[asy]
size(4cm);
draw((0,0)--(2,0)--(2,2)--(0,2)--cycle);
draw((0,0)--(0,-1)--(1,-3^.5)--(2,-1)--(2,0));
draw((2,0)--(3,1)--(2,2)--(1,3)--(0,2));
draw((0,2)--(-1,1)--(-3^.5,0)--(-1,-1)--(0,-2));
draw((0,-2)--(1,-3)--(2,-2)--(3,-1)--(2,0),dashed);
[/asy]
Let $O$ be the center of the square.
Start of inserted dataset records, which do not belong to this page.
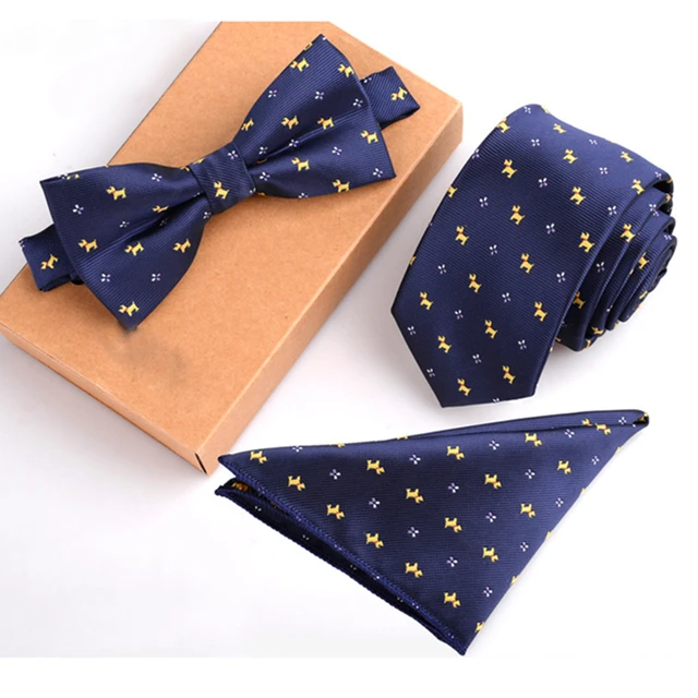 | [해외]2016 noeud 빠삐용 남성 앙상블 네이비 블루 넥타이 노란색 개 나비 넥타이 손수건 세트 많은 |
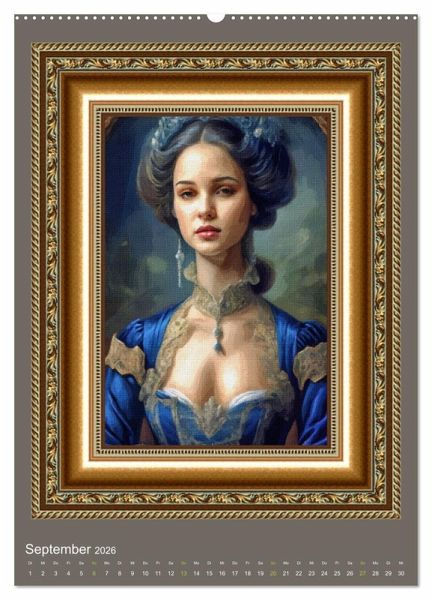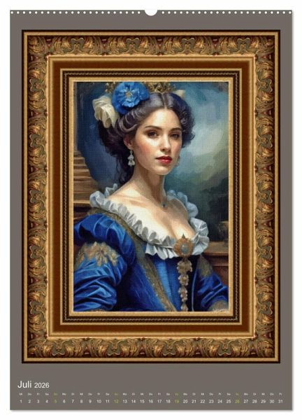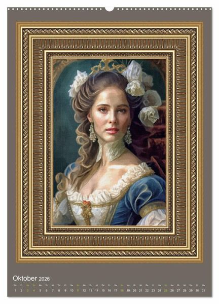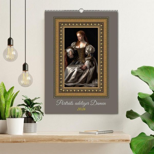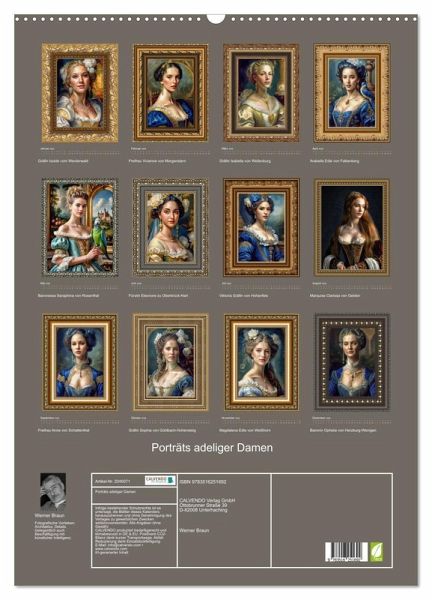 Gelegentlich findet man sie in herrschaftlichen Schlössern, die Porträts der Herrschaften, die früher an diesem Ort gewohnt haben und die die Geschichte der Familie und des Herrschaftsgebiets mitgeprägt haben. Mit Hilfe der künstlichen Intelligenz haben wir exemplarisch solche Porträts von edlen Damen in diesem Kalender versammelt. Trotz einer gewissen Strenge in der Darstellung zeigen sich dabei doch auch sehr unterschiedliche Charaktere. Lassen Sie die Damen auch in Ihrem Zuhause repräsentativ auftreten. Die Namen und die Titel sind frei erfunden.
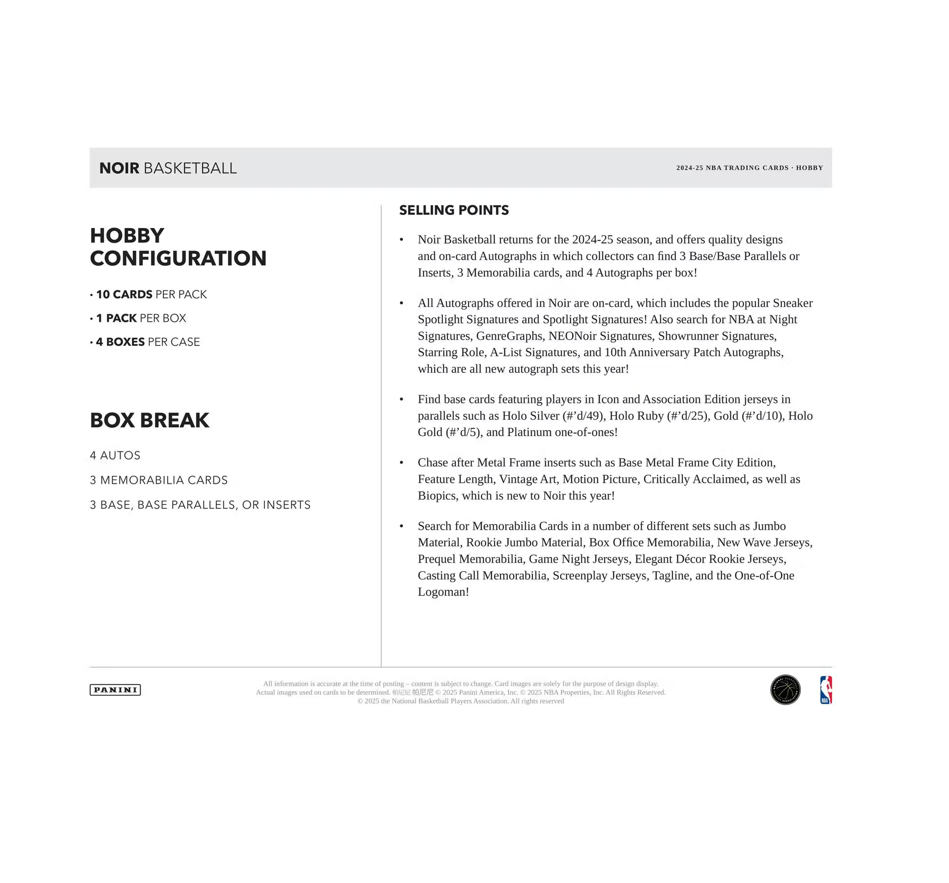 - Noir Basketball returns for the 2024-25 season, and offers quality designs and on-card Autographs in which collectors can find 3 Base/Base Parallels or Inserts, 3 Memorabilia cards, and 4 Autographs per box!

Since the side length of the square is $s$, the distance from $O$ to any vertex of the square is $\sqrt{s^2 + s^2} = s\sqrt{2}.$
Let $A,$ $B,$ $C,$ $D$ be the vertices of the square, in that order. Let $E,$ $F,$ $G,$ $H$ be the centers of the equilateral triangles with $\overline{AB},$ $\overline{BC},$ $\overline{CD},$ $\overline{DA}$ as bases, respectively.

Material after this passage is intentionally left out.